Everything is ready. Everything is as it should be.

 Except for the dreams that grow more vivid each night. Except for the Dome's song that grows more urgent, more discordant. Except for the feeling that has been building inside me for years -that something is coming. Something that will change everything.

Tonight, on the eve of my Awakening, I stand once more on the highest terrace of our home. The city of Olkaris spreads below me, its crystal spires catching the moonlight, its streets quiet as most citizens sleep. In the distance, the sacred mountain of Ilhyr rises against the star-filled sky, its peak glowing with the eternal flame that marks the Awakening circle.

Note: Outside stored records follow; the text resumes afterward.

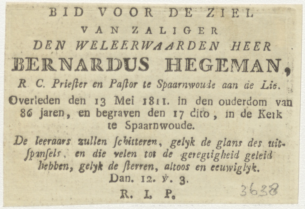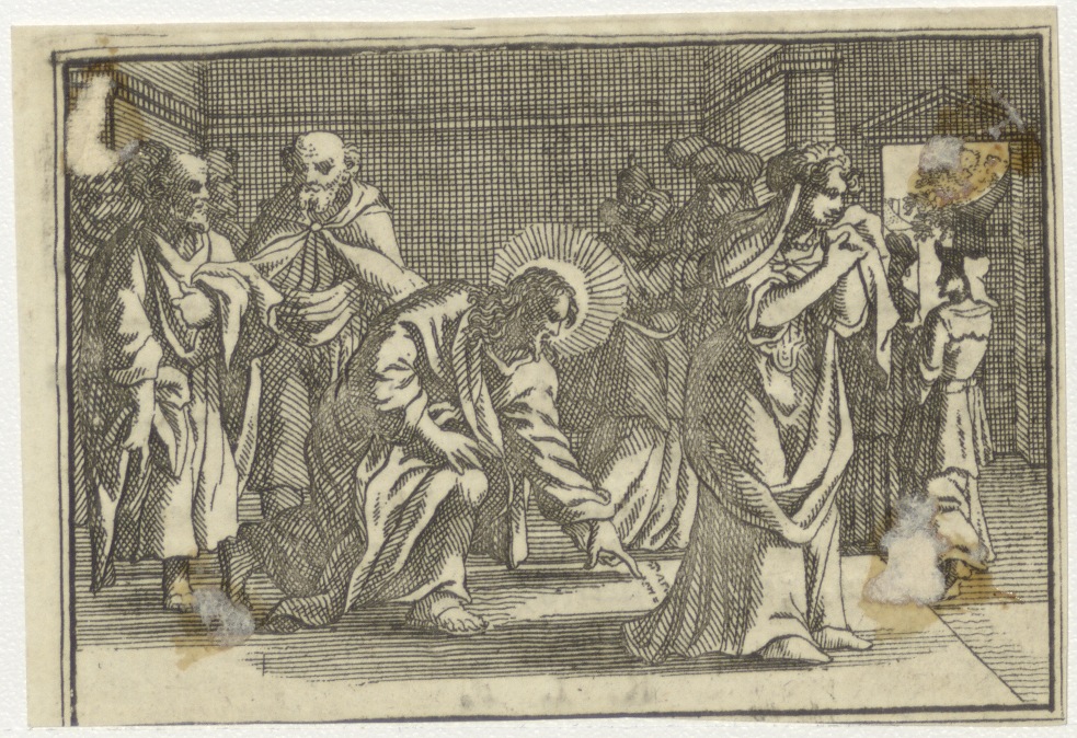 Christus schrijft in het zand: hij die zonder zonden is..., kz. Religieus; bid voor ziel Bernardus Hegeman (+1811) pastoor te Spaarnwoude aan de Lie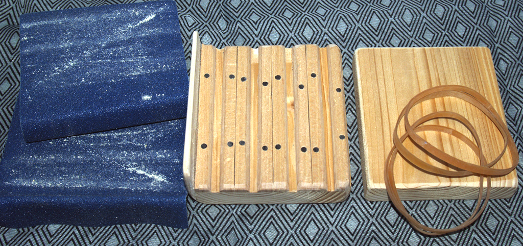 Einrichtung zum Glattschleifen (s. Foto): Dazu nehme ich 2 etwa quadratische Holzklötze mit ca. 10cm Kantenlange (D ca. 17-30mm), in einen der Klötze forme ich mehrere V-Nute (Flankenwinkel ca. 80-90°) in die der Schaft zu ca. 50% Tiefe hineinpasst. 60er Schmirgelpapier. Die beiden Klötze werden mit Gummis zusammengespannt und der Schaft im Nutbereich eingeschoben. Dann Akkuschrauber (um Schaftende Pappe oder Schlauchstück).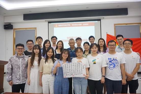 彭教授从大学毕业的工作安排讲到了我国第一颗原子弹氢弹的研制过程,期间经历的种种艰辛,彭教授讲起不由得感慨万千,感慨当年一批富有情怀的青年志士于荒凉之处开天辟地,感慨共和国取得今天成就的来之不易。谈及一生为之奋斗的加速器,彭教授面对黑板,激动的给大家讲起了研制过程和工作原理,虽然年过八旬,彭教授依然精神矍铄,思维敏捷,尽显大师风采,课题组的同学们全神贯注,享受知识的饕餮盛宴。课后,彭老师赠予支部一副墨宝,寄托对青年人参与国家复兴的期待。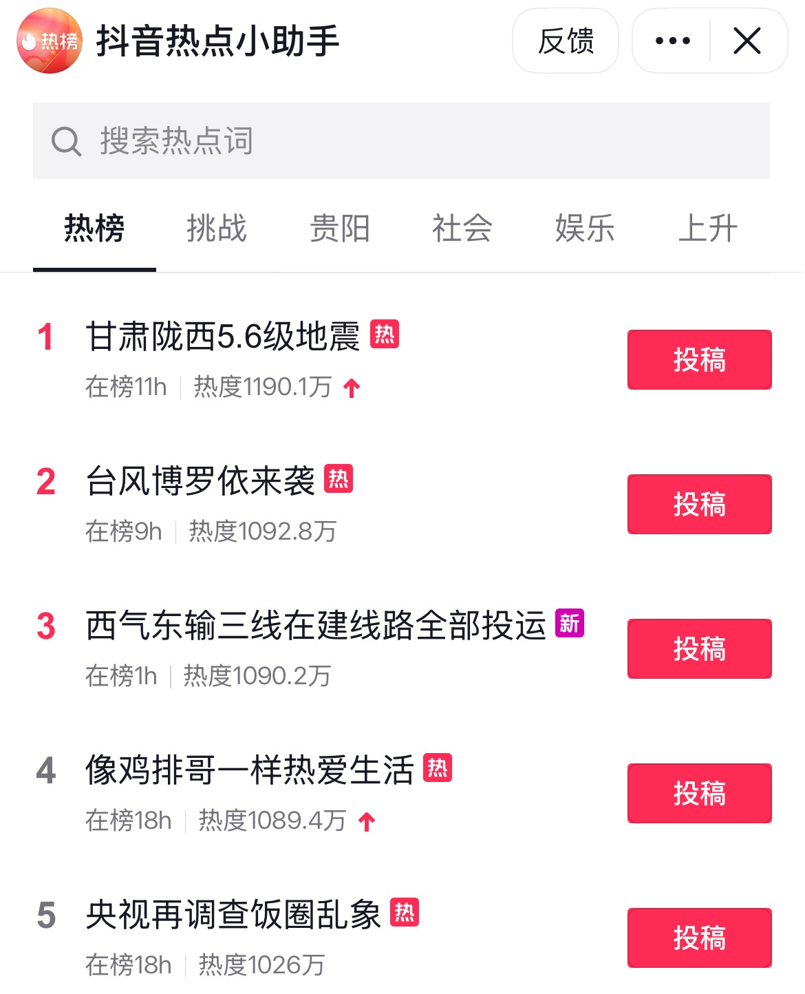 打开动静新闻客户端,刷动静听新闻。社交媒体热点打捞,洞悉社会情绪,最后来看各大热榜,明天再见!

I close my eyes and listen beyond the silence, just as my father taught me. The Dome's song comes immediately now, no longer requiring effort to perceive. It pulses through me, around me, its rhythm faster than I've ever felt it, its tone almost frantic.

"What are you trying to tell me?" I whisper to the night. "What is coming?"

There is no answer, of course. Only the song, insistent and alien. And beneath it, a new sensation —a pulling, a calling, as if something beyond the Dome is reaching for me specifically.

Tomorrow I will Awaken. Tomorrow my gifts will manifest, and my path will be set. Tomorrow I will take my place among the Olkhar leadership, as is my birthright and duty.

But tonight, as I listen to the Dome's increasingly desperate song, I can't shake the feeling that what awaits me is something far different from what anyone expects. Not even me.

The Dome is breaking. And when it falls, everything changes. Including me.